Third generation single molecule (or long-read) sequencing, such as Pacific Biosciences (PacBio) and Oxford Nanopore sequencing, can generate long reads which are capable of capturing the regions flanking repeat sequences and segmental duplications. Thus, long-read sequencing greatly facilitates the assembly process and has been revolutionary for plant genomics, enabling chromosome-level assemblies to be achieved (Jiao and Schneeberger, 2017; Michael and VanBuren, 2020). Recently, long-read sequencing, in parallel with genetic and physical mapping, has enabled four chromosome-level assemblies from the CBDRx, PK, Finola (FN), and a wild Cannabis (CR) line (Table 1) (Gao et al., 2020; Grassa et al., 2018; Laverty et al., 2019). The CBDRx genome (a female individual) was sequenced using Oxford Nanopore technology and has an assembly size of 876.148 Mb (Figure 5a) (Grassa et al., 2018). In 2019, the first genome-wide annotation was made available for this Cannabis genome, making it the reference genome on the NCBI database (Jenkins and Orsburn, 2019).
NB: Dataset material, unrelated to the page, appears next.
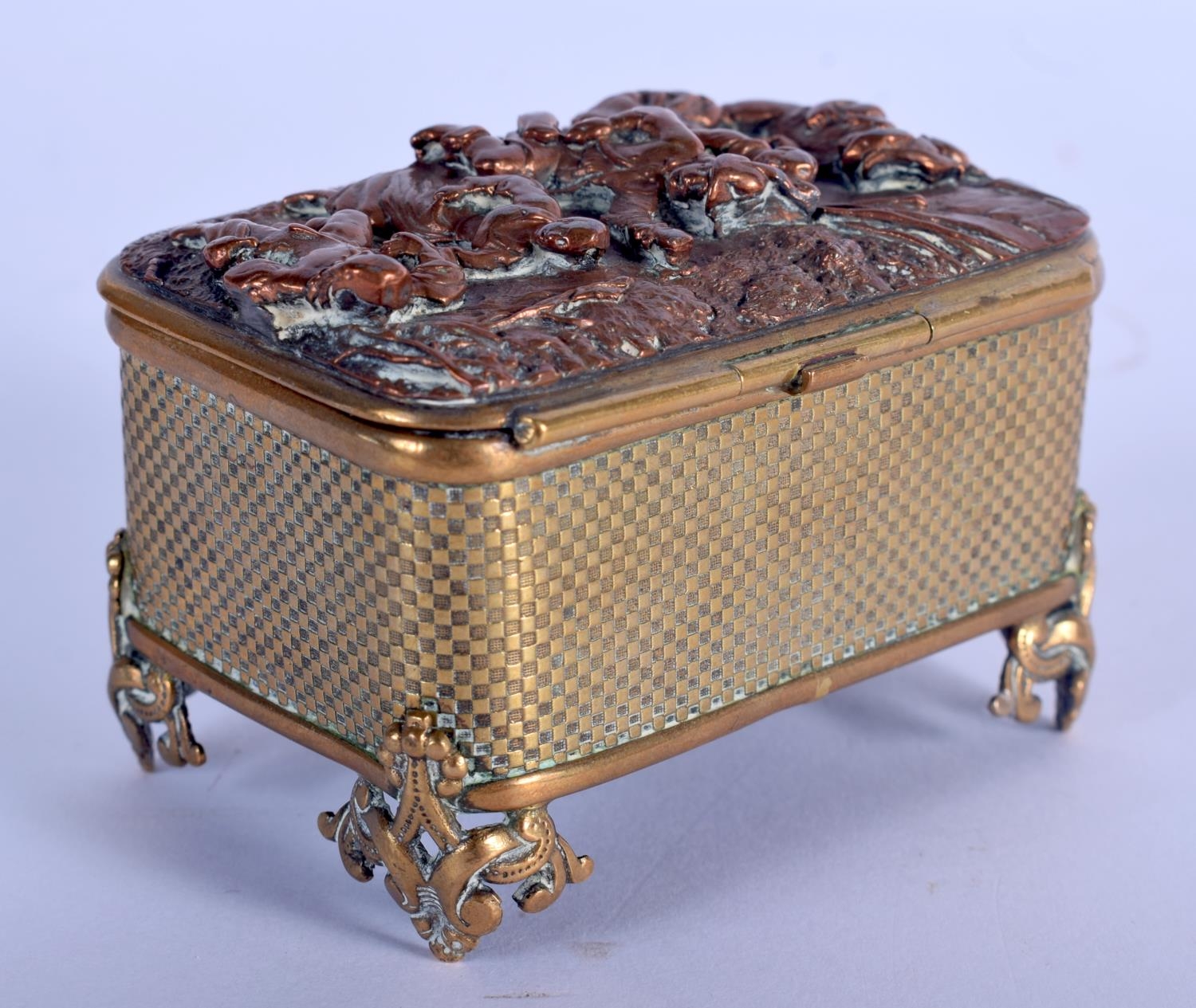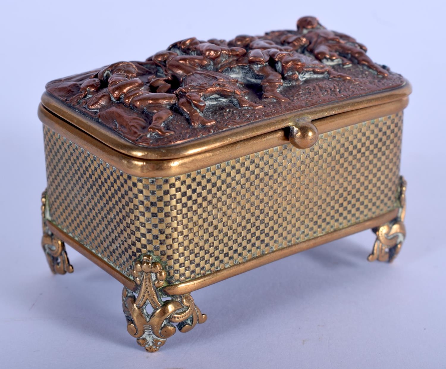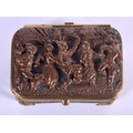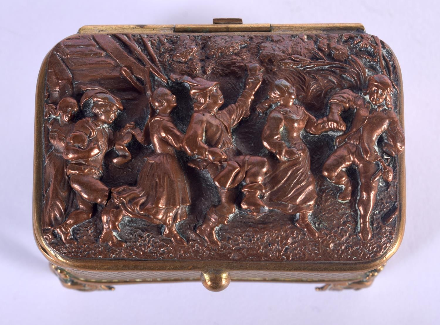 A MID 19TH CENTURY EUROPEAN MIXED METAL ELKINGTON TYPE CASKET decorated with figures merry making. 7.5 cm x 4 cm.
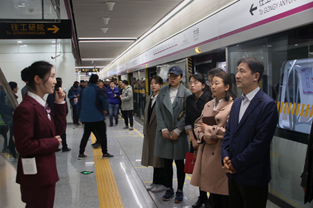 在赵营站和方特站,考察团参观了车站控制室、站务室、职工文化长廊、自动售检票设备,特别对人脸识别系统、二维码识别系统进行了详细学习。

The PK and FN genomes were sequenced with PacBio single-molecule sequencing (Laverty et al., 2019). The PK (female) and FN (male) assembly sizes are 891.965 Mb and 1009.67 Mb respectively, both of which are significant improvements upon the original draft PK genome from 2011 (Table 1) (van Bakel et al., 2011; Laverty et al., 2019). The CR variety, which is derived from a wild Cannabis plant, was also sequenced with PacBio, achieving a genome assembly size of 812.525 Mb (Gao et al., 2020). While linkage maps were generated to resolve the chromosomes for the CBDRx, PK and FN genomes (Grassa et al., 2018; Laverty et al., 2019), Hi-C data was used to create a physical map for CR, enabling the chromosomes to be assembled (Supplementary Table 1) (Gao et al., 2020).